働き方改革とDX

小關 剛

茨城県働き方改革とDX

筑波記念病院
小關 剛

はじめに、当院は茨城県つくば市に位置し、487床を有する急性期医療中心のケアミックス病院です。地域の医療需要に応じた体制整備に取り組む中、医師をはじめとした医療従事者の働き方改革は喫緊の課題として位置づけられています。本稿では、当院が推進してきた改革の実践内容とその成果をご紹介します。

従来はICカードによる勤怠管理を導入していましたが、医師の打刻率は約7割にとどまり、勤務実態の適正把握に課題がありました。そこで2024年度よりビーコン方式へ切り替えたところ、検知率は9割を超え、勤務時間に対する意識が大きく改善しました。結果として、医局全体の超過勤務時間が着実に減少するなど、働き方改革の重要な第一歩となりました。

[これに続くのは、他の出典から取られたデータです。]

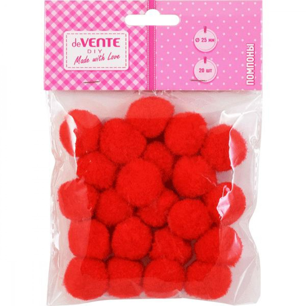 Набор помпонов для творчества 25мм 20 шт цвет красный 8000024
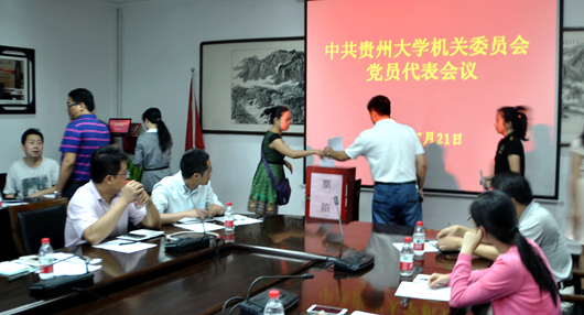 机关党委委员、宣传部副部长罗卫刚宣读《中共贵州大学机关委员会增补委员选举办法》。机关党委副书记郭龙翔就机关党委委员候选人推荐情况作说明。机关党委副书记谢佳宣读监票人、计票人名单。
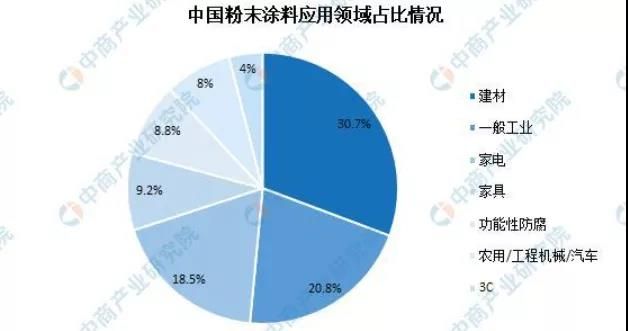 目前,我國粉末涂料已從同質(zhì)化走向了差異化,不同應(yīng)用領(lǐng)域?qū)Ψ勰┩苛系募夹g(shù)要求差異較大,因此粉末涂料企業(yè)針對不同領(lǐng)域,調(diào)整產(chǎn)品結(jié)構(gòu),出現(xiàn)了各種專業(yè)生產(chǎn)粉末涂料的企業(yè)。數(shù)據(jù)顯示,2019年,我國粉末涂料最大的應(yīng)用市場為建材領(lǐng)域,占粉末涂料總需求的30.7%;其次是一般工業(yè)市場,占粉末涂料總需求的20.8%;緊隨其后的是家電市場,占比為18.5%。
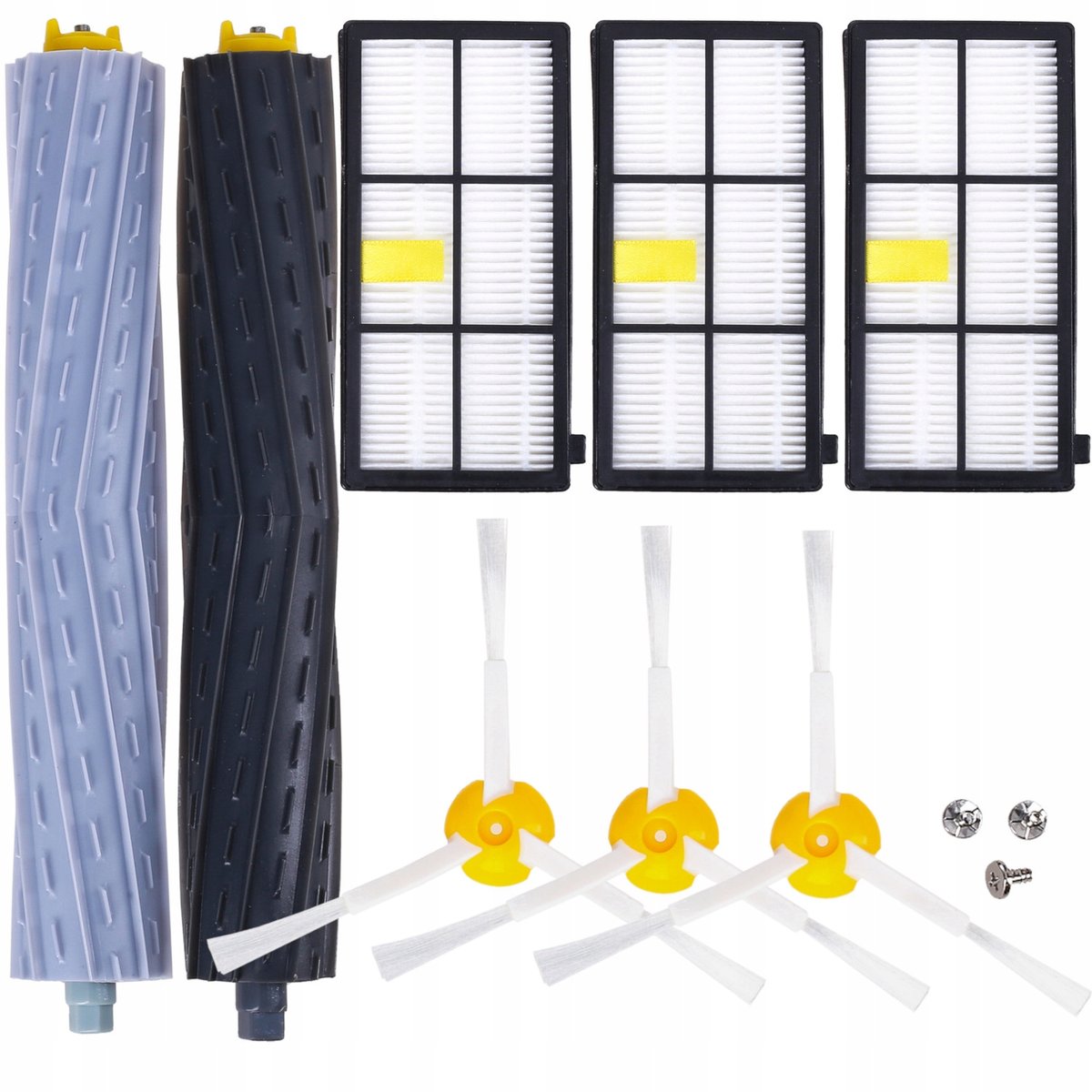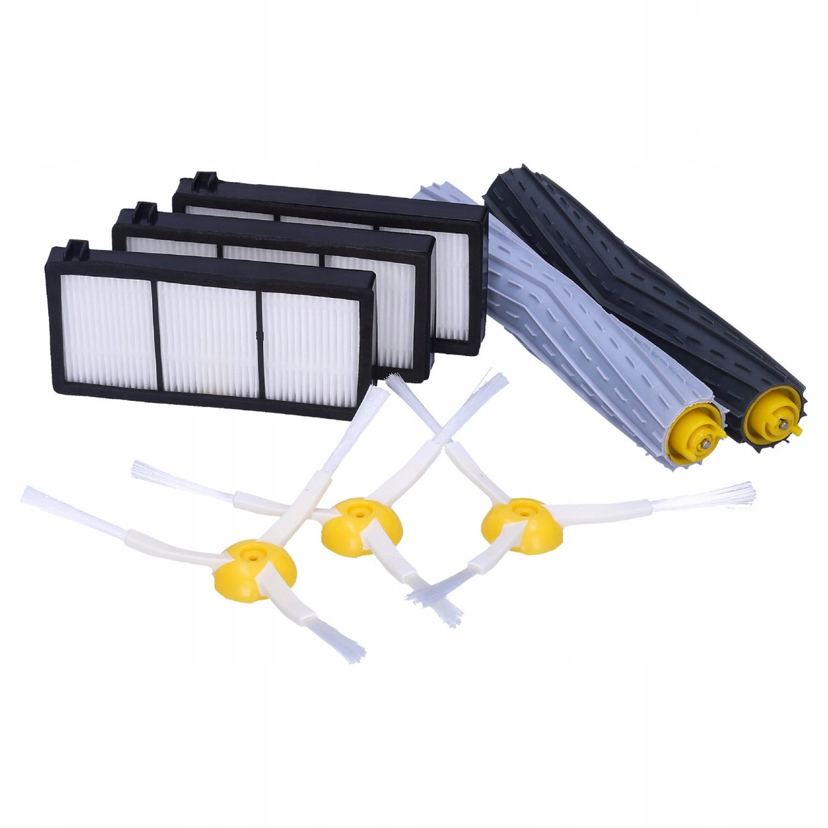 Zestaw do iRobot Roomba szczotki filtr 800 900 980 Kolor: Wielokolorowy Rodzaj: Zamiennik Opakowanie: Foliowe Jednostka: Komplet Ilość sztuk: 8 (2x rolka gumowa, 3x filtr ...

病棟では、これまで一般的であった主治医制からチーム制へ移行しました。複数の医師が患者情報を共有することで、主治医不在時でも診療相談が可能となり、医師の負担軽減とメディカルスタッフとの連携強化につながっています。また日当直業務においては、当直帯に入院した患者の主治医を翌朝ディレクターが速やかに振り分ける仕組みを導入し、当直明け医師が迅速に業務から離脱できる環境を整備しました。この取り組みは、疲労軽減だけでなく診療の質向上にも寄与しています(図1)。

図1

医師の負担軽減には、メディカルスタッフへの適切なタスクシフトが不可欠です。当院では段階的に体制整備を進めています。看護部門では、ナースプラクティショナーを心臓血管外科チームに配置し、周術期管理や手術立ち会いなど専門性の高い業務を担っています。また「コーディネーター」を新設し、事務的業務から術前・術後フォローまで幅広く担当。特定行為看護師や認定看護師の育成にも法人全体で取り組んでいます(図2)。

図2

各専門部門での業務分担においては、ER部門では病院救急救命士の積極採用により看護師業務の一部を代替、放射線部門では造影検査時のライン確保を診療放射線技師が担当、外来部門では採血業務を臨床検査技師が一括して実施など看護師の業務負担軽減に努めています(図3)。

図3

当院では医療DXについても積極的に取り組み、トライアンドエラーを繰り返し現場に適したシステム導入を進めています。診療の隙間時間に確認業務が行えるようになり業務効率が向上したほか、メディカルスタッフが医師へ逐一確認する必要が減り、現場全体の心理的安全性向上にもつながっています。現場からのフィードバックを反映しながら運用改善を継続しており、DXと働き方改革を一体的に推進しています(図4)。

図4

働き方改革は単一の施策で完結するものではなく、勤怠管理の精度向上、業務分担の最適化、DX推進など複数施策を並行して進めることで初めて実を結びます。当院では今後も現場の声に根ざした改革を継続してまいります。